Fannie Mae intends to replace traditional force-placed insurance on its loans with policies from a provider of its choosing, a move that could upend big banks' controversial force-placed insurance practices.

"Fannie Mae will soon implement changes to its Lender-Placed Insurance (LPI) requirements to significantly reduce costs to homeowners, taxpayers, and Fannie Mae," the government sponsored enterprise announced in a mortgage servicing news bulletin.

The GSE is asking insurers to offer proposals for force-placing policies on its portfolio. The request for proposals is "structured to ensure that insurance costs are significantly reduced," the GSE said.

The move may mark a significant repudiation of current industry practices, in which lenders generally buy coverage from carrier partners that pay them commissions. Fannie's announcement noted the utility of force-placed insurance but appears to echo complaints that commission payments and other costs unnecessarily inflate the cost of force-placed insurance.

The GSE also argued that current industry practices are forcing some borrowers into default and causing Fannie to incur losses as the loans' guarantor. Similar allegations have been made in the past by private mortgage investors, though they lack the contractual authority that Fannie has to dictate changes in servicing practices.

"An expensive LPI policy can often become an obstacle to a delinquent borrower seeking to avoid foreclosure," Fannie's bulletin states. "If the borrower defaults in mortgage loan payments and does not cure, Fannie Mae must reimburse the servicer for LPI premiums. Costs to Fannie Mae ultimately become costs to taxpayers."

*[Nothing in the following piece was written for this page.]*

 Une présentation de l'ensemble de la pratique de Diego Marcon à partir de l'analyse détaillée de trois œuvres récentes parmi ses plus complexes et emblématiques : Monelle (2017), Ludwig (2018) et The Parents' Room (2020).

Critics of banks' current force-placed insurance programs responded enthusiastically to Fannie's plan.

"This has the potential to really change the market," says Diane Thompson, an attorney for the National Consumer Law Center. "This could have a significant impact on reducing costs to homeowners and Fannie."

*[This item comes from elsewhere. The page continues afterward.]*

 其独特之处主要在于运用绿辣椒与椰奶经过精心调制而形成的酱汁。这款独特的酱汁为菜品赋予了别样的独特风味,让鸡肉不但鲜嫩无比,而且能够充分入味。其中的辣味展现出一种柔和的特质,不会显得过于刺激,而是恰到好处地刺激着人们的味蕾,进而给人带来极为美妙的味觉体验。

Banks' force-placed insurance policies have become increasingly controversial over the last two years. The New York Department of Financial Services is investigating alleged kickbacks paid to banks by insurers, and several of the country's largest banks face force-placed class action suits.

Andrew Wilson, a spokesman for Fannie Mae, declined to say when the request for proposals will be complete. There are currently two major insurers in the market, Assurant Inc and QBE Insurance Group.

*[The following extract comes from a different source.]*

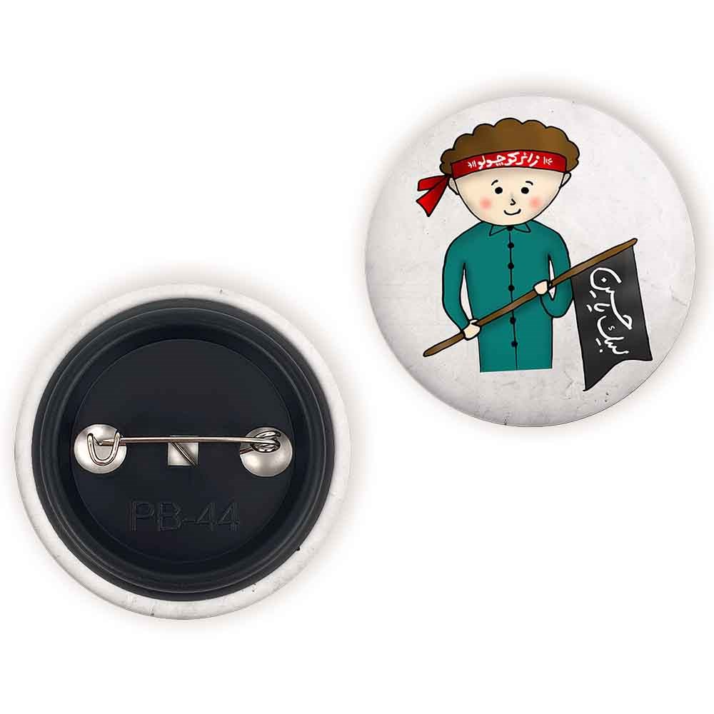 پیکسل 44 میلی متری کودکانه محرم و اربعین امام حسین خندالو با روکش سلفون حرارتی مات مخملی ضدخش و قطعه پشتی رنگی تولید شده است.پلاستیکی پشت پیکسل با سوزن یک تکه ثابت و بدون لغزش و جا به جایی، ایستایی بسیار بهتری نسبت به پشتی فلزی پیکسل دارند که این مهم در تولید این محصول نیز رعایت شده است.

Assurant said that it looked forward to participating in the RFP.

"We have spoken with Fannie many times about possible alternatives that are practical to implement for servicers, Fannie and homeowners," a spokeswoman says. "We will continue to discuss the alternatives as the RFP process moves ahead."

Wilson says that Fannie's conservator, the Federal Housing Finance Administration, is well aware of its plans. Fannie will be elaborating on what the changes mean for banks, he says, "in the near future."

"There will be guidance to servicers about when and how to procure lender-placed insurance," he said. "This will be communicated to servicers at the appropriate time."